Chief Garrett says that he doesn’t recall sharing the meme, but does know the woman who originally posted it. He added that the post does not share his or the CHP’s values.

He said, “I have no recollection of it. I am on Facebook very rarely… If I shared it, I shared. That was a personal Facebook page, and it has nothing to do with the CHP.”

Amen, brotha!

The CHP is going to investigate Garrett’s personal Facebook page all while denouncing the meme as “not consistent with the department’s organizational values.”

CHP spokeswoman, Fran Clader said, “While the post in question appeared on a personal Facebook page, which CHP policy does not specifically address, the post is not consistent with the department’s organizational values. The CHP is an organization of inclusiveness, and any posts made on an employee’s personal social media page do not reflect the diversity, views and background of the more than 11,000 men and women of the California Highway Patrol who work for this department.”

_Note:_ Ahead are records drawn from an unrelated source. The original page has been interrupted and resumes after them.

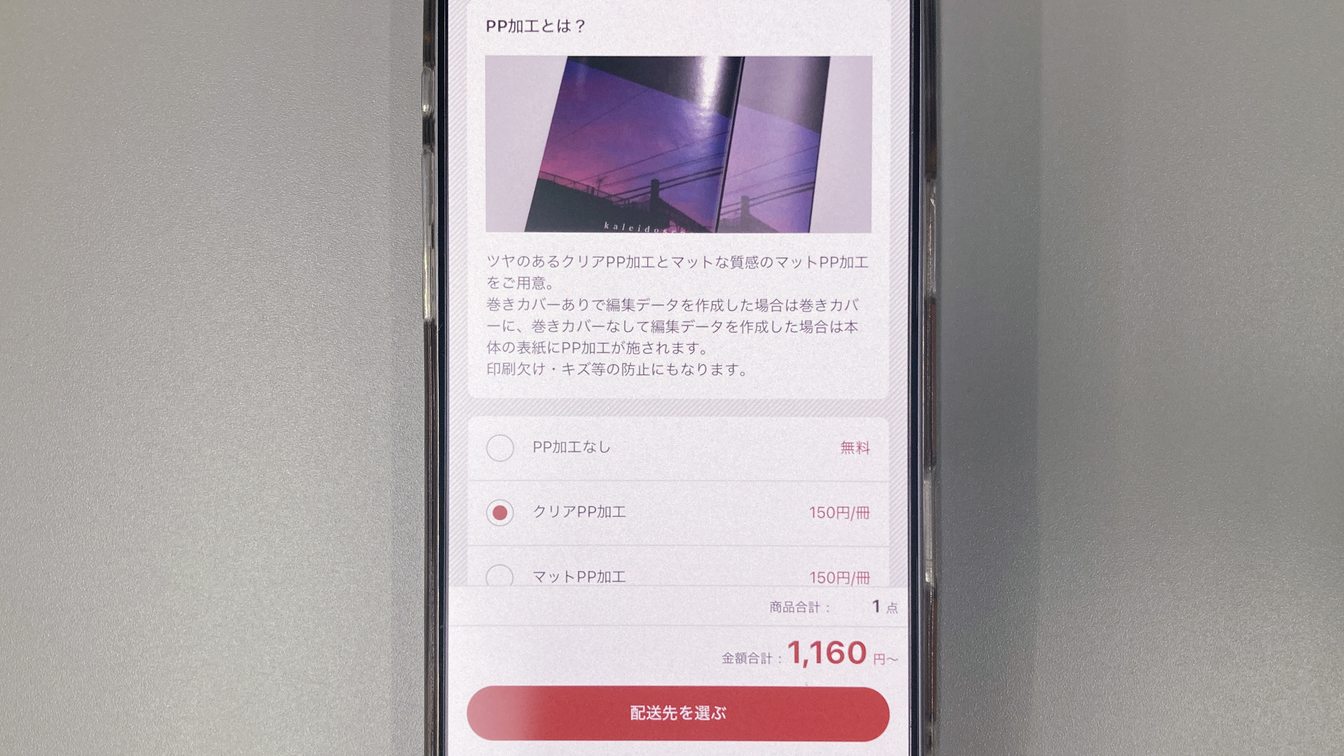 PP加工をつけて1冊1000円程。今回はいろんなオプションをつけたのと、1冊の値段なので割高になりますが、初めて作る時のお試しや自分用に作る時に1冊から注文できるのはありがたいです!
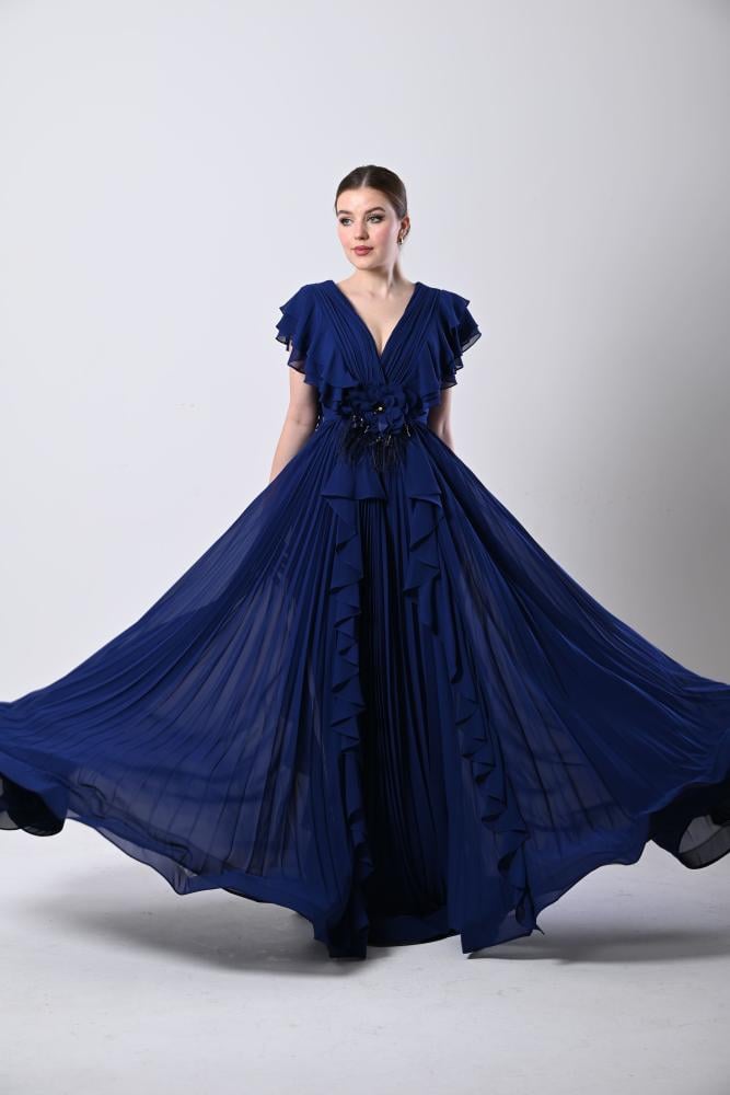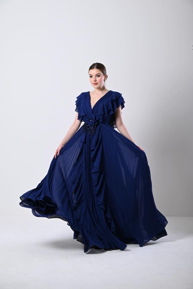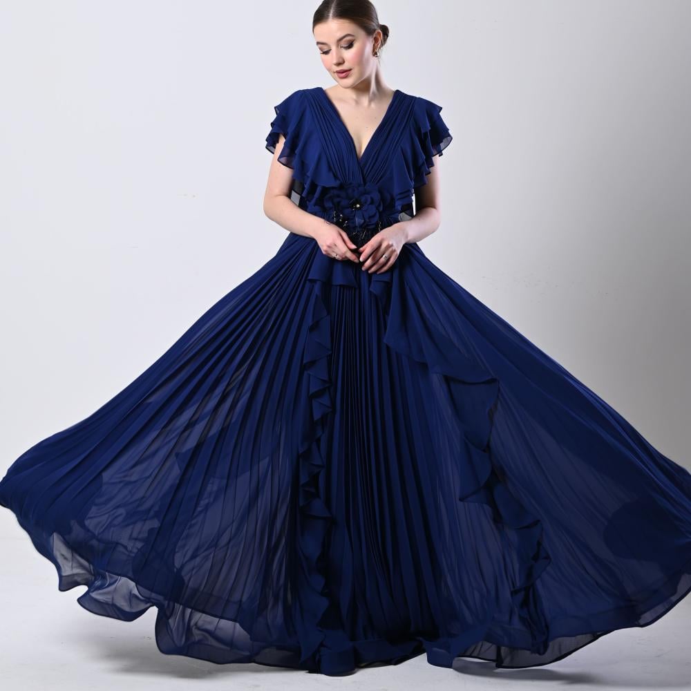 ارتدي الأناقة مع فستان سهرة شيفون كحلي من بوتيك فساتين مودا بيلا، تصميم راقٍ بأكمام متموجة وطيات ساحرة ليمنحك إطلالة ملكية تناسب مناسباتك الخاصة.
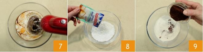 the eggs and the milk, and mix the batter with a whisk 7. In a separate bowl, pour the flour, the baking powder 8, then also add the unsweetened cocoa powder 9

CHP policy doesn’t address what an individual can or cannot post on their personal accounts, although that is increasingly the case with other police departments.

The L.A. Times cites these instances:

The New York Police Department disciplined 17 officers in 2012 over offensive comments about a West Indian American Day parade.

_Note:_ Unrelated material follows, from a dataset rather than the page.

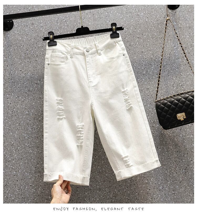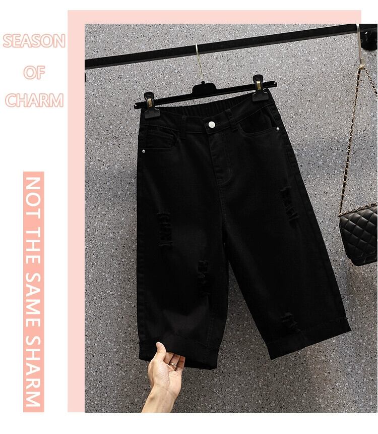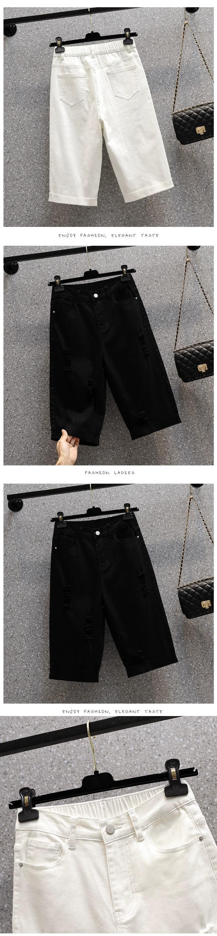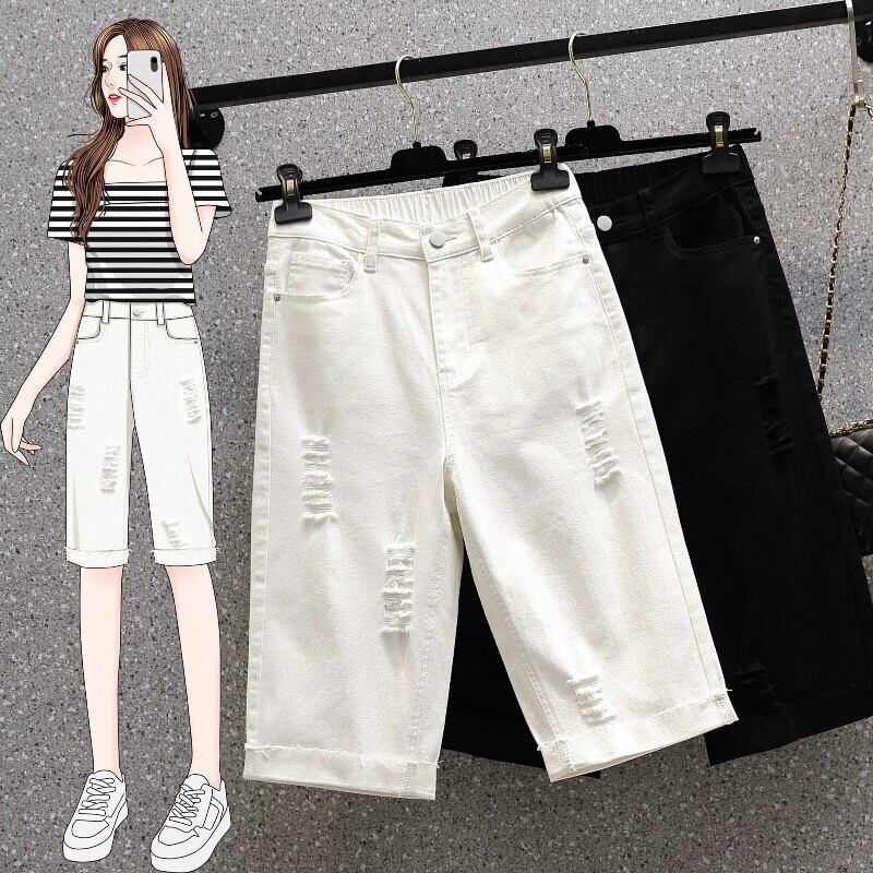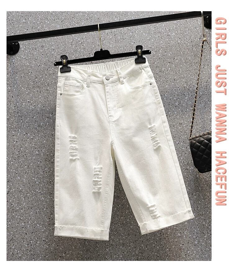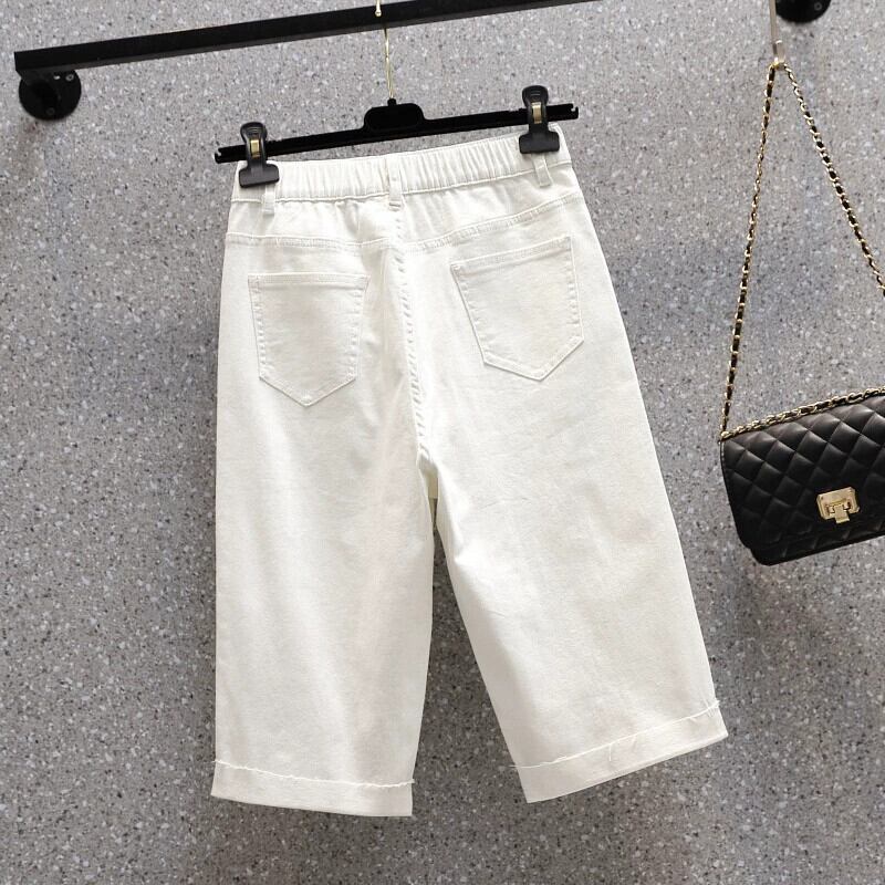 夏の新しいプラスサイズの女性の弾性リッピングストレートレッグジーンズファットハイウエスト弾性ウエストカジュアルパンツ ハイウェスト エラスティック 伸縮 大きめサイズ サマー 夏物 888417606521686
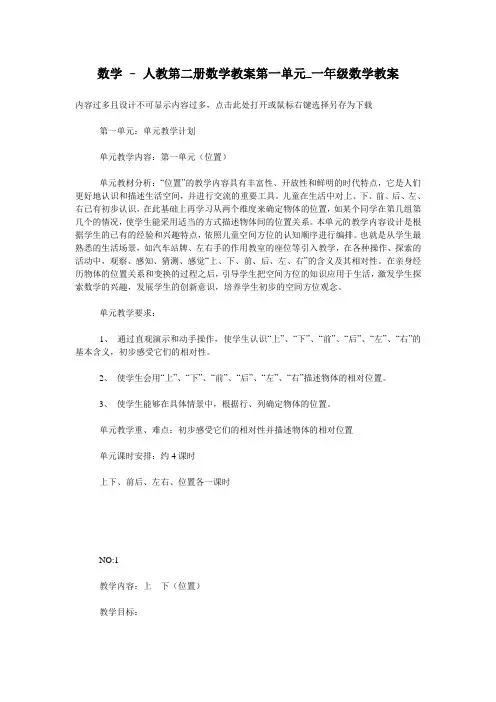 数学 - 人教第二册数学教案第一单元_一年级数学教案内容过多且设计不可显示内容过多,点击此处打开或鼠标右键选择另存为下载第一单元:单元教学计划单元教学内容:第一单元(位置)单元教材分析:“位置”的教学内容具有丰富性、开放性和鲜明的时代特点,它是人们更好地认识和描述生活空间,并进行交流的重要工具。

A court of appeal last year, in upholding a five-day suspension for a Los Angeles police officer for a remark he wrote on Facebook, said the LAPD had the right to discipline him for his online conduct.

In recent years, agencies have struggled with officers’ use of social media. In North Charleston, S.C., a police officer was fired for posting a photo of himself wearing Confederate flag underwear. The post was discovered in the wake of the killing of nine black churchgoers by a white supremacist. The officer sued over his termination and was awarded a settlement.

A Philadelphia attorney has launched an extensive examination of the private social media accounts of nearly 3,000 law enforcement officers from eight departments nationwide. The resulting database is intended to show how hundreds of racist or bigoted comments and images from officers’ posts undermine the public trust, the project’s website says.

Transgender activists have reacted badly to the alleged post by Garrett. Jessie Callahan, the founder of the TCops International — Transgender Community of Police and Sheriffs, said that the post was “offensive and vulgar” but that it’s really bad coming from an officer in a leadership position. “It is of concern because he has transgender officers in his area,” said Callahan.

(If Callahan thinks that is “offensive and vulgar” he hasn’t caught an episode of RuPaul’s Drag Race like the young ‘uns are binging on Netflix.)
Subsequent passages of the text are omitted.